The Long Night was a winter that lasted an entire generation, caused by the White Walkers’ first invasion of Westeros. Those caught up with the GoT TV series already know that the Children of the Forest created the icy beings in an attempt to protect themselves from the First Men, which later backfired.
The Long Night resulted in the legendary War for the Dawn, a conflict between the White Walkers versus the Children of the Forest and their new allies, the First Men. (This could set up some pretty epic battle scenes in this new HBO prequel.) Ultimately, the White Walkers were defeated, retreated far north, and were kept out by the Wall.

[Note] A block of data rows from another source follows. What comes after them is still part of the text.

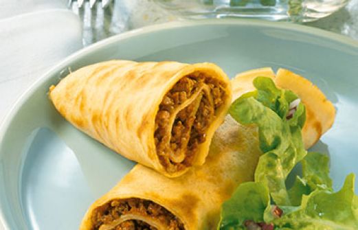 Gefüllte Pfannkuchen Zutaten 3 Eier 200 g helles glutenfreies Mehl (z.B. Mix C von Dr. Schär) 200 ml Milch 1 EL Öl 200 ml kaltes Wasser 1 kräftige Prise Salz 1 Zwiebel 2 Knoblauchzehen 6 EL Öl 400 g mageres Hackfleisch 2 EL Tomatenmark Salz Pfeffer Muskatnuss 100 ml [...]
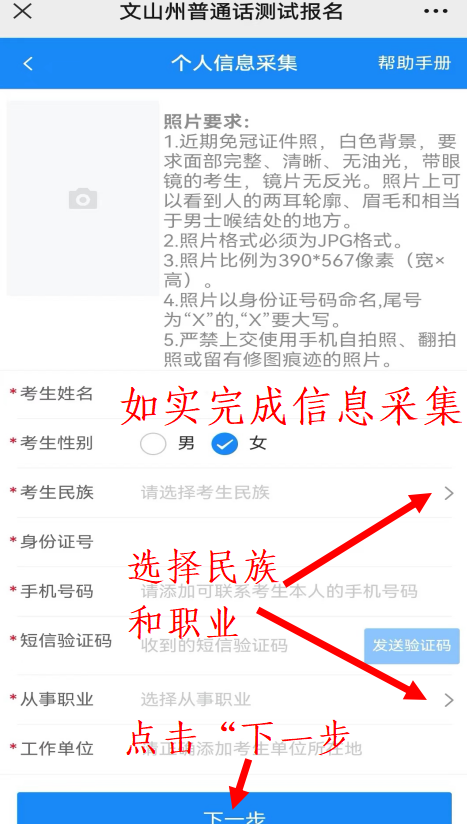 4.按要求如實(shí)完成個(gè)人信息采集之后進(jìn)行下一步。其中,“工作單位”需填寫到具體信息(如XX市XX縣XX鎮(zhèn)XX單位),如無單位請(qǐng)?zhí)顚懢唧w身份證地址,字?jǐn)?shù)不能超過30個(gè)字。
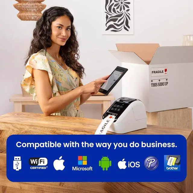 Brother QL-810Wc Professional Label Printer with USB and Wi-Fi connectivity, ultra-fast printing up to 110 labels per minute with standard address label in monochrome, black & red printing available
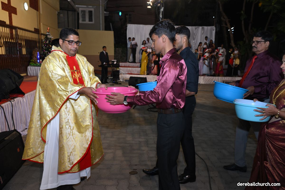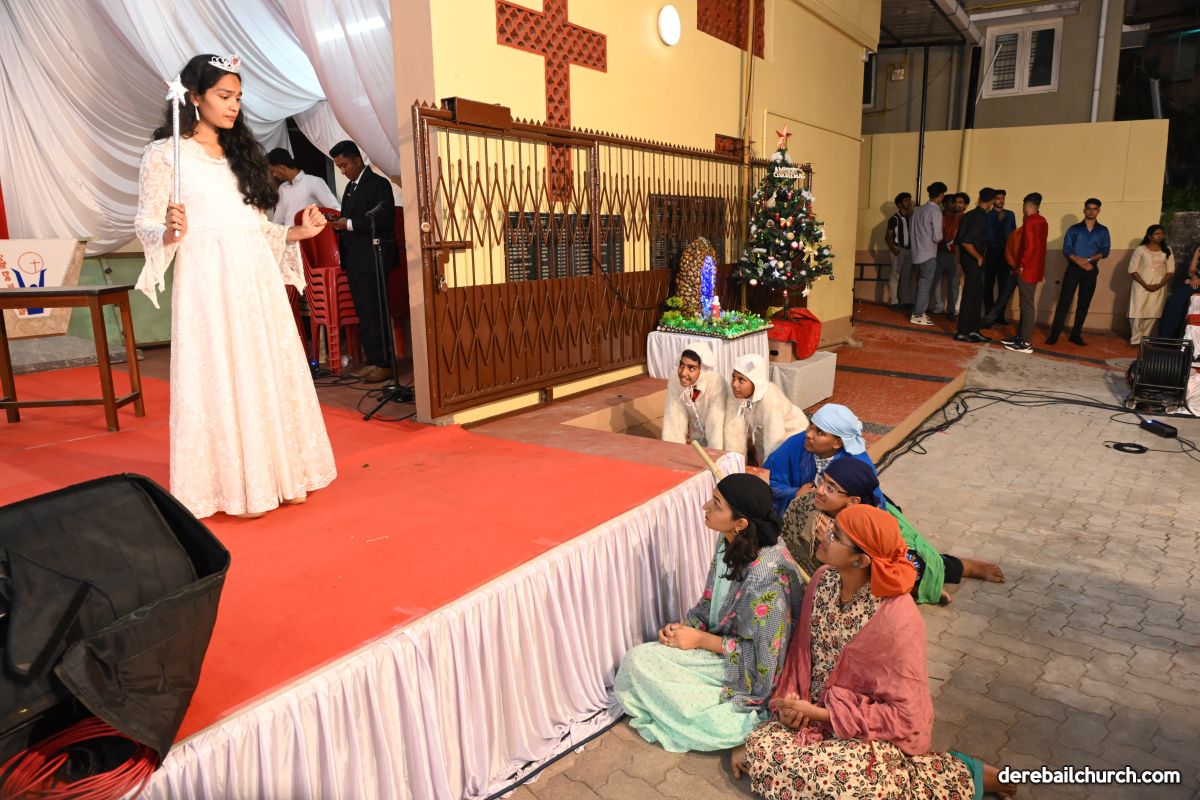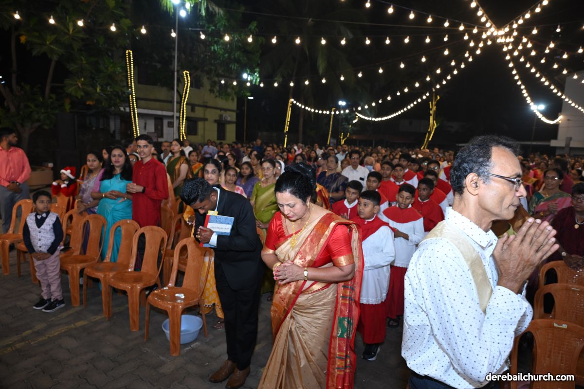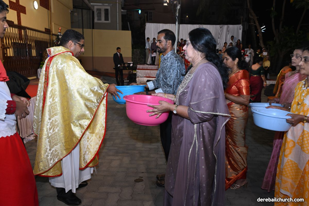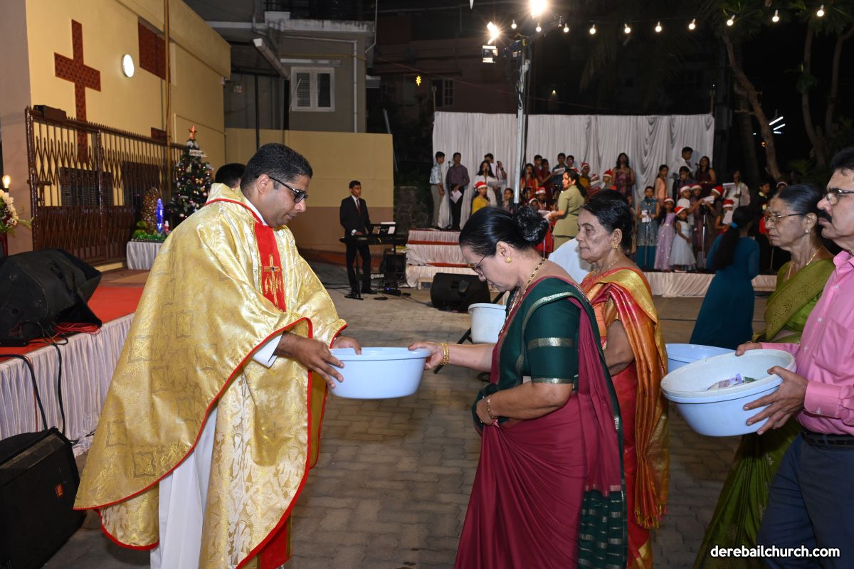 On Christmas Eve 2025, the faithful of Derebail Parish gathered on the church grounds at 6:30 p.m. to celebrate the Holy Eucharist. The ceremony began with a soulful rendition of carols by the senior, youth, and children’s choir. Their collective voices served as a symbolic welcome for the birth of Christ, preparing the liturgy to follow.

It’s possible this prequel will also shed light on The Last Hero, a mythical figure in GoT history who’s rarely mentioned in the written series, but is believed to have faced the White Walkers during the Long Night. In one of the novels, Samwell Tarly tells Jon Snow that the The Last Hero even killed a White Walker with dragonsteel.
However, it’s unknown who this hero was, or what his fate was, though some fans theorize that he’s the same person as Azor Ahai, who’s know for the wielding the glowing sword Lightbringer.

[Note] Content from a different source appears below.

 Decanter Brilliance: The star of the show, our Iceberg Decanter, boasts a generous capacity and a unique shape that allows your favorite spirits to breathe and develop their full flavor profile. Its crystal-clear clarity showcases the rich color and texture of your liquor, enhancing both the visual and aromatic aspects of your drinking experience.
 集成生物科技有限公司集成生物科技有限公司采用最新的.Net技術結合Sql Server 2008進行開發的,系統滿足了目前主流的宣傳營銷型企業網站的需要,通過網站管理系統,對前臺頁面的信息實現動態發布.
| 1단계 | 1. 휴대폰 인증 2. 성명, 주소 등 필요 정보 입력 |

And what is the Age of Heroes, anyway?
The Ringer notes that all we know about the Age of Heroes comes from what the characters in the books say happened, plus a companion book, The World of Ice and Fire. Samwell Tarly notes in A Feast for Crows that “the First Men only left us runes on rocks, so everything we know…comes from accounts set down by septons thousands of years later.” And those accounts are debated by maesters in Samwell’s era.
According to Mashable, the Age of Heroes started when, after centuries of war, the First Men signed a peace pact with the Children of the Forest and the giants. It ended when the Andals, another tribe of men, invaded Westeros and went to war with just about everyone.
Some iconic GoT clans were founded in this time.
The Wrap notes that during the Age of Heroes, families we know and love from Game of Thrones—like the Starks and the Lannisters—got their start. Because there’s not too much source material to go on, the prequel could focus on a variety of things. There’s Brandon the Builder, who may be the “Stark of legend” HBO is teasing; he’s known in legend for building many of Westeros’s main structures, like the Wall, and starting the Night’s Watch. There’s also Lann the Clever, the founder of the Lannisters, who took over Casterly Rock.
And as for “the mysteries of the East,” the prequel could discuss Grazdan the Great, who founded a city built on slave labor, similar to Slaver’s Bay, or Valyria (the Targaryen’s place of origin), the capital of an empire (with dragons) that got destroyed. Despite its destruction, its language, Valyrian, remains in Game of Thrones.
But everything we know about the Long Night could be wrong.
Goodman has a lot of creative wiggle room with this new prequel, so everything we think we know about the Long Night could end up completely differently onscreen. Don’t be surprised to have your expectations upended about the world of Westeros, and beyond.